Redington (India) Limited (NSE:REDINGTON) Has Got What It Takes To Be An Attractive Dividend Stock

In This Article:

Today we'll take a closer look at Redington (India) Limited (NSE:REDINGTON) from a dividend investor's perspective. Owning a strong business and reinvesting the dividends is widely seen as an attractive way of growing your wealth. Yet sometimes, investors buy a stock for its dividend and lose money because the share price falls by more than they earned in dividend payments.

A high yield and a long history of paying dividends is an appealing combination for Redington (India). It would not be a surprise to discover that many investors buy it for the dividends. The company also bought back stock during the year, equivalent to approximately 3.4% of the company's market capitalisation at the time. Some simple research can reduce the risk of buying Redington (India) for its dividend - read on to learn more.

Explore this interactive chart for our latest analysis on Redington (India)!

NSEI:REDINGTON Historical Dividend Yield, August 25th 2019
NSEI:REDINGTON Historical Dividend Yield, August 25th 2019

Payout ratios

Companies (usually) pay dividends out of their earnings. If a company is paying more than it earns, the dividend might have to be cut. Comparing dividend payments to a company's net profit after tax is a simple way of reality-checking whether a dividend is sustainable. Redington (India) paid out 25% of its profit as dividends, over the trailing twelve month period. We like this low payout ratio, because it implies the dividend is well covered and leaves ample opportunity for reinvestment.
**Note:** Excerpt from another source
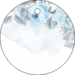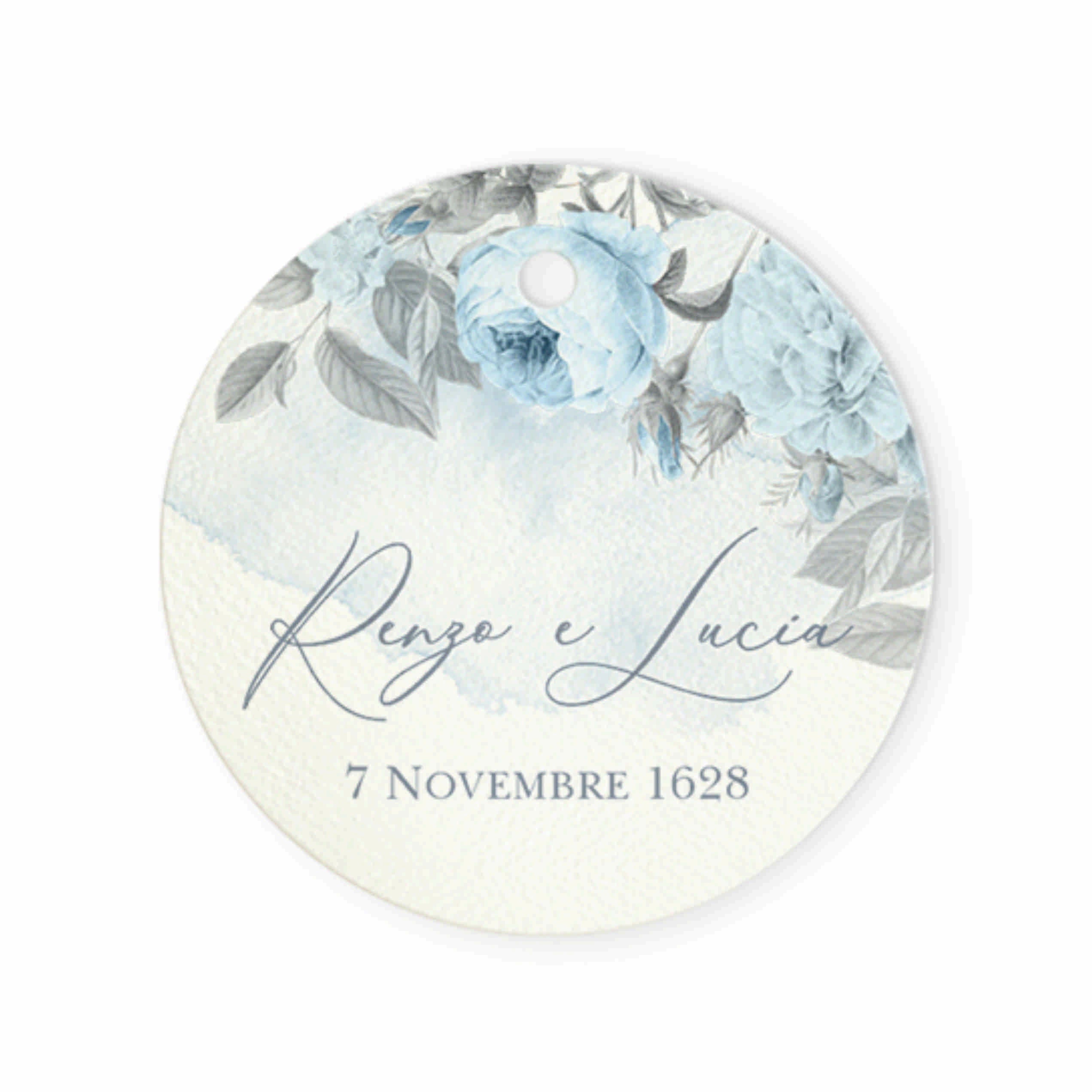 Tag bomboniere segnaposto personalizzato con nomi sposi e data del matrimonio, abbinato al modello partecipazione di nozze F1748 Tema grafico Rose sui toni del celeste Polvere

In addition to comparing dividends against profits, we should inspect whether the company generated enough cash to pay its dividend. Redington (India) paid out 11% of its free cash flow as dividends last year, which is conservative and suggests the dividend is sustainable. It's encouraging to see that the dividend is covered by both profit and cash flow. This generally suggests the dividend is sustainable, as long as earnings don't drop precipitously.

Remember, you can always get a snapshot of Redington (India)'s latest financial position, by checking our visualisation of its financial health.

Dividend Volatility

Before buying a stock for its income, we want to see if the dividends have been stable in the past, and if the company has a track record of maintaining its dividend. For the purpose of this article, we only scrutinise the last decade of Redington (India)'s dividend payments. The dividend has been cut by more than 20% on at least one occasion historically. During the past ten-year period, the first annual payment was ₹0.80 in 2009, compared to ₹3.30 last year. This works out to be a compound annual growth rate (CAGR) of approximately 15% a year over that time. The dividends haven't grown at precisely 15% every year, but this is a useful way to average out the historical rate of growth.